Under this line are the records; write out word for word the part that begins at the line containing "Ο Υπ. Θρησκευμάτων" and ends at the line containing "Ευθεία έπίθεσις -και", and no more.
------ SUPPLIED RECORDS
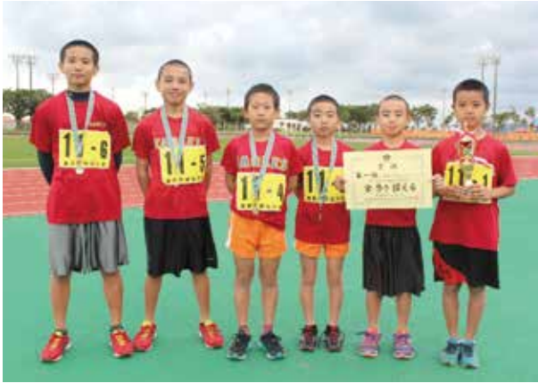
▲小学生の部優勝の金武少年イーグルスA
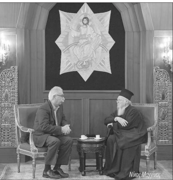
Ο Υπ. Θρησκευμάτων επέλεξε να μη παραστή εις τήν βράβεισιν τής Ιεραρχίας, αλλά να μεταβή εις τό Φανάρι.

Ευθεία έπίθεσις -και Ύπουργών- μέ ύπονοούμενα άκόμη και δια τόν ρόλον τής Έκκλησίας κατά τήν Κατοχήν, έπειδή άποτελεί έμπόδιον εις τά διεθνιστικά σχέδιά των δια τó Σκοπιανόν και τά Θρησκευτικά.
------------
------ SUPPLIED RECORDS
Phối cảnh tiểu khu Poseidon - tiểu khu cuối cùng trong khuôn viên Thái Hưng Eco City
------------
------ SUPPLIED RECORDS
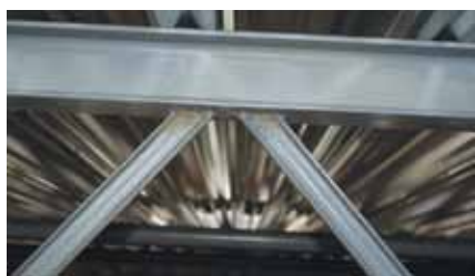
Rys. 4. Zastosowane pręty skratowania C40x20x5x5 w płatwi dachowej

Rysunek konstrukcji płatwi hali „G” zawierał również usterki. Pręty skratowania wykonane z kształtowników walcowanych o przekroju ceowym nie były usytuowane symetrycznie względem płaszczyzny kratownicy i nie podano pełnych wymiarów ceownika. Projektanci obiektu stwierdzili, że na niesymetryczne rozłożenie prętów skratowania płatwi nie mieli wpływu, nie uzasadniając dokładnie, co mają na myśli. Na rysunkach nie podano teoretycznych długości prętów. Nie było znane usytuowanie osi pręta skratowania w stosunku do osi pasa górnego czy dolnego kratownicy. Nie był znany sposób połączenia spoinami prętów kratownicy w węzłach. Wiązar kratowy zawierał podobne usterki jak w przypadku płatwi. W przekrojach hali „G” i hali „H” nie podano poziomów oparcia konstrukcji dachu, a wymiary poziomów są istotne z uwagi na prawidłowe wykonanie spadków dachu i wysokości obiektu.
------------
* **EXPECTED ANSWER**:
Ο Υπ. Θρησκευμάτων επέλεξε να μη παραστή εις τήν βράβεισιν τής Ιεραρχίας, αλλά να μεταβή εις τό Φανάρι.

Ευθεία έπίθεσις -και Ύπουργών- μέ ύπονοούμενα άκόμη και δια τόν ρόλον τής Έκκλησίας κατά τήν Κατοχήν, έπειδή άποτελεί έμπόδιον εις τά διεθνιστικά σχέδιά των δια τó Σκοπιανόν και τά Θρησκευτικά.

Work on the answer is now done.